One of the most promising and widely adapted techniques is the introduction of cover crops into the row crop rotation, whether it be a single species or a multi-species mix. Farmers in the region are experimenting with different varieties of cover crops to determine their attributes, their ability to survive Minnesota winters, and how best to terminate them in the spring.
For example, Aaron Welti of Plainview noted an immediate response in terms of improved soil structure and weed suppression with just a single species of cover crop. Cover-cropping expert Sarah Carlson of Practical Farmers of Iowa reports that some Iowan farmers are interseeding a single line of nitrogen-scavenging tillage radish between rows to act as an early fertilizer for the next year’s corn crop. It is coming to light that cover crops have the ability to reduce herbicide and fertilizer usage, while retaining monetary value in both the soil and farmers’ checking accounts.
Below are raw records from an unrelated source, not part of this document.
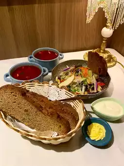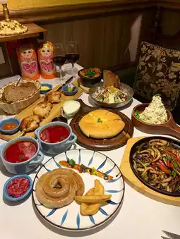 The Russian decoration has a kind of romantic feeling of dining in a Western country~
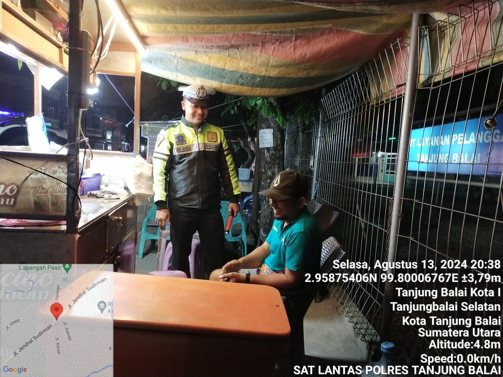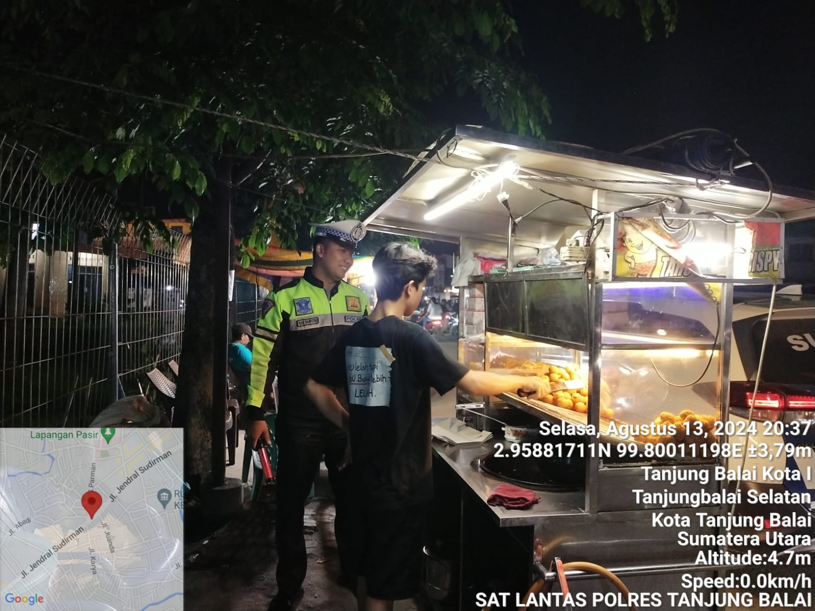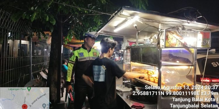 “Setiap malam personil Sat Lantas Polres Tanjungbalai melakukan patroli dengan menyambangi para pedagang kali lima di kawasan Jalan Jendral Sudirman, tepatnya di simpang Jalan Suparman yang merupakan tumpuan para pedagang kaki lima memasarkan dagangannya pada malam hari. Lokasi tersebut menjadi target karena kondisi lokasinya yang selalu ramai dengan pengunjung sehingga berpotensi terjadi kemacetan arus lalu lintas khususnya pada malam hari,” ujar AKP Agustinus Banjarnahor.
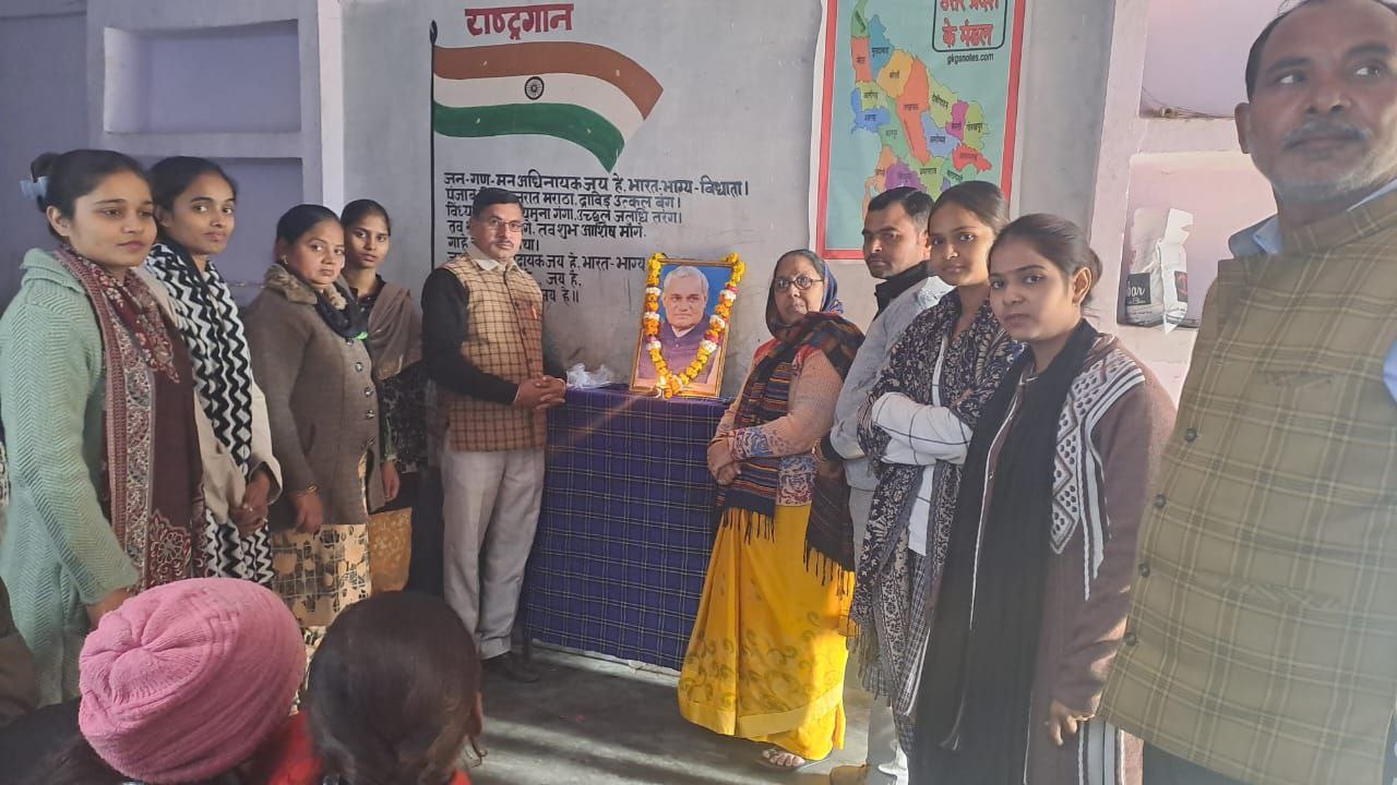 सिकंदराराऊ : मोहल्ला नौखेल स्थित न्यू लाइफ पब्लिक स्कूल में पूर्व प्रधानमंत्री अटल बिहारी वाजपेई की जन्म शताब्दी मनाई गई जिसका शुभारंभ भाजपा नेत्री संतोष पौरुष ने दीप प्रज्वलित करके किया। स्कूल के प्रधानाचार्य रविंद्र शर्मा ने पूर्व प्रधानमंत्री के चित्र पर माल्यार्पण कर एक कविता सुनाई। भाजपा नेत्री संतोष पौरुष ने पूर्व प्रधानमंत्री अटल बिहारी वाजपेई के जीवन चरित्र पर प्रकाश डालते हुए विस्तार पूर्वक उनके बारे में बताया। इस अवसर पर राकेश यादव, श्याम कौशिक, महेश यादव, संध्या वार्ष्णेय, सना खान, अजय यादव, खुशबू , राधा, दिया वार्ष्णेय ,कोमल अंजलि , नीलम सक्सेना, विनीता पौरुष, नसरीन अंसारी आदि मौजूद रहे।

There is also a lot of excitement around the work that Minnesota farmers Bob Mierau of Caledonia and Curt Tvedt from Byron are trying with crimping their cover crop of rye while no-till drilling soybeans in the spring. The soybean crop benefits from the rye mulch because it is a weed suppressor and contributes to the soil's organic matter. Another important note: this practice reduces the kind of tillage which has been shown to collapse soil structure, destroy mycorrhizal fungi networks, and expose microbes to oxygen that they readily utilize in their decomposition of carbon matter and ultimately release as greenhouse gases. Such examples show me that with experimentation and practice, our goal of reversing climate change and rebuilding healthy soils can become an actuality.
In the grazing realm, there are a number of practices being incorporated to increase soil health. It seems that the closer we mimic our grazing systems to that of a herd of bison crossing a prairie, the more we build soil. This past summer, Kaleb Anderson of Goodhue seeded warm season annuals into his cool season pastures to diversify his feed source, and then utilized the mob-grazing rotation to return a large amount of plant matter to the soil. He is not only feeding the microbes in his cattle’s rumens, but also the microbes living beneath his feet.
Tom Cotter of Austin has been cover-cropping for 15 years and has just started to incorporate livestock back onto his land. He was initially worried that he would not be able to find a market for his meat, but once it was shared on social media that his grass-fed beef would be sold at the local butcher’s shop, people claimed all the meat before the cattle were even unloaded.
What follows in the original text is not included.